Командир отделения прервал рассуждения бывалого солдата:

– Так, Лисковец, хватит философствовать. Бери этих любителей хмельного и веди наверх, на свет божий. Может, там протрезвеют. Молодого фрица здесь допросим, без свидетелей.

Аркадия Лисковца старший сержант уважал и считал его боевым товарищем, поскольку пришлось им немалое время повоевать вместе. Уважали его и остальные бойцы отделения, особенно молодые. Лисковец воевал давно, был говорлив и мог многое рассказать и поделиться опытом, что и делал при любом удобном случае. Григорьев ему не мешал, знал: Аркадий хоть и балагур, но плохого не посоветует, и молодым это будет на пользу. Он помнил, как совсем недавно, при освобождении города Брно, попали они под жестокий обстрел, находясь в окопе противника, покинутом хозяевами, из него-то немцы и хотели их выбить посредством мин и снарядов. Особенно туго пришлось недавно призванным красноармейцам Вязовскому и Долгих. Они сидели на дне окопа побледневшие и вздрагивали при каждом взрыве. Вот тогда-то Лисковец и провел с ними воспитательную работу. С невозмутимым видом он сел рядом с молодыми бойцами, достал из кармана колоду карт, сказал: «Чего, суслики, носами в землю уткнулись? Давай в подкидного дурачка сыграем, покуда время есть». Спокойствие Лисковца передалось молодежи, правда, в карты им поиграть не пришлось, но в атаку они пошли без страха…

Лисковец подошел к эсэсовцам, ухватил одного из них за ворот расстегнутого кителя.

– Вставай, морда эсэсовская!

Немец задрал голову, посмотрел на разведчика затуманенным взглядом больших светло-серых глаз, заплетающимся языком изрек:

– Ихь фэрштээ нихьт.

Лисковец глянул на Вязовского.

– Костя, растолкуй фрицу по-хорошему, или я его прикладом вразумлю.

Вязовский терпеливо объяснил пьяному немцу, что от него требуется. Немец согласно закивал.

– Я, я русиш зольдат. Гитлер капут. Хэльфэн зи мир биттэ.

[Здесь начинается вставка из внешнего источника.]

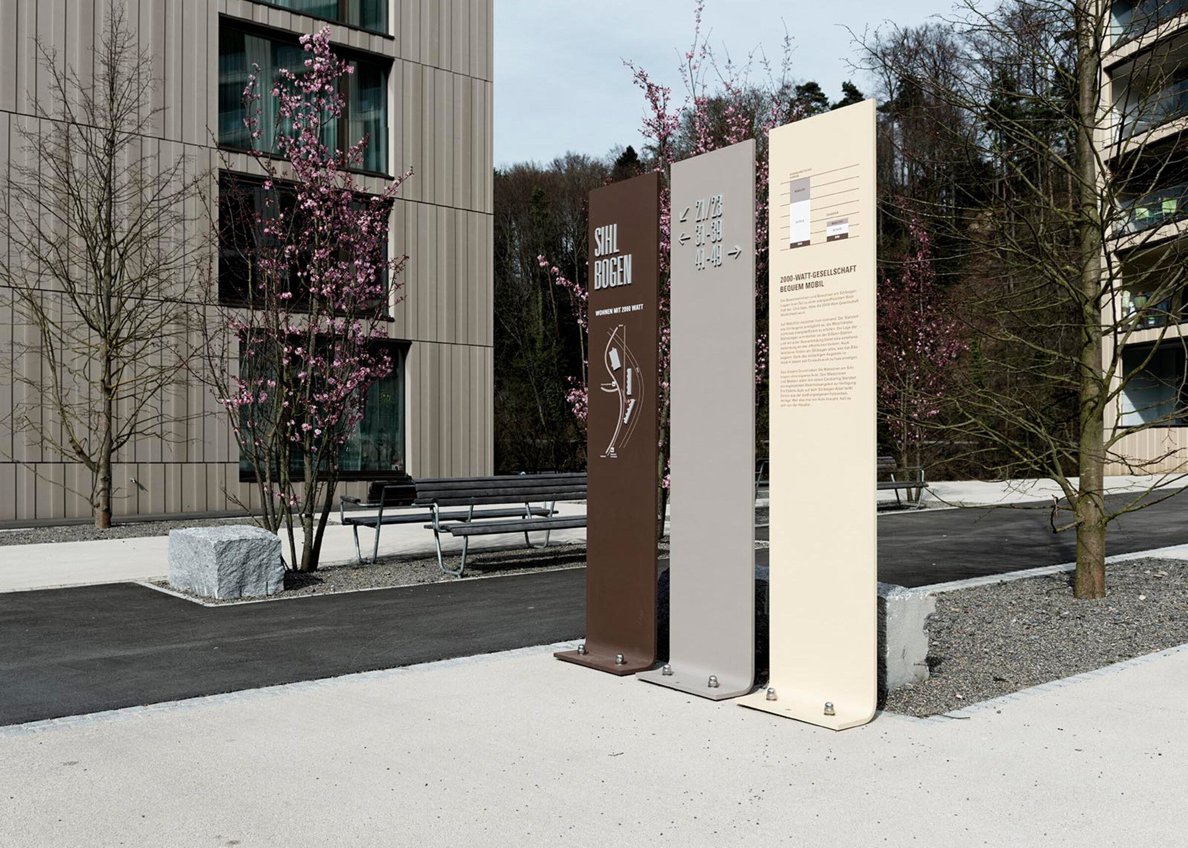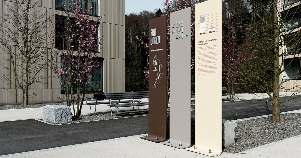 Die Signaletik auf dem 21'000 Quadratmeter grossen Areal Sihlbogen und in den drei Gebäuden umfasst Fern- und Arealkennzeichnungselemente, Wegleitungen, Stockwerksübersichten sowie Wohnungs- und Raumkennzeichnungen. Im Aussenbereich stellt die Konstruktion der Stelen durch den Abbug der Aluminiumplatten einen Bezug zum Sihlbogen her. Auf den Dreier-Stelen finden sich neben einem Situationsplan und der Wegleitung Informationen zur 2000-Watt-Gesellschaft und zur Überbauung Sihlbogen.

Лисковец снова обратился за разъяснениями к Константину:

– Чего он бормочет?

– Просит помочь встать.

Лисковец бросил на эсэсовца возмущенный взгляд.

– Сейчас я тебе помогу, пьянь гитлеровская! Если не подымишься, голову размозжу. Ферштейн!

Немец непонимающе посмотрел на Аркадия.

– Нихт ферштейн.

Лисковец замахнулся на эсэсовца прикладом автомата. Григорьев остановил:

– Лисковец! Я тебя очень прошу, давай без рукоприкладства. Забирай фрицев, и идите наверх. Нам допрос надо провести.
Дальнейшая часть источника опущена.